Using the approaches to learning skill – thinking – we can identify two skill descriptors that should be developed throughout the two years of the DP Music course:
1. Apply skills and knowledge in unfamiliar situations
2. Analyse complex concepts and projects into their constituent parts and synthesize them to create new understanding
Question three of the listening paper invites students to compare and contrast the two prescribed works. Within that compare and contrast framework, the specific direction of question three is variable depending on the year of the exam. Students need to have the skills to unpack the question, analyse the music and synthesize their argument as the specific ‘situation’ – the question – is unfamiliar.

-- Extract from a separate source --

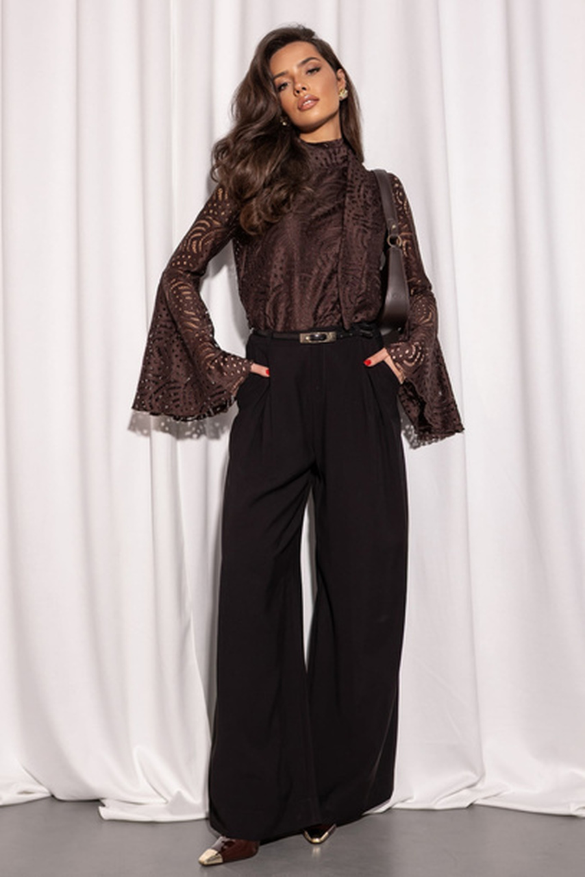 Elegancka bluzka, wykonana z delikatnej koronki, która dodaje subtelności i kobiecego uroku. Model posiada długie, lekko prześwitujące rękawy zakończone rozkloszowanym mankietem w stylu boho-chic. Bluzka świetnie sprawdzi się zarówno w eleganckich stylizacjach, jak i w bardziej codziennych zestawach z jeansami czy spodniami z wysokim stanem.

When students present their musical understanding in their written response, they need to understand the level of depth that is necessary to fully respond to the question. As a teacher, one way to prepare students for this understanding of depth is to provide sample responses for students that have varying degrees of specificity. For example, a teacher could use the wording of a previous exam with the current prescribed works:
With reference to the scores, compare and contrast at least three passages from each of these works that illustrate distinctive use of instrumental colour
Students could work together to generate their own responses. After students share their thinking, the teacher would invite students to generate three sample responses: poor, average and very good. The teacher would have one or two samples to discuss as a full group.
Through discussions, the teacher would guide students to understand the level of depth required in a ‘very good’ response.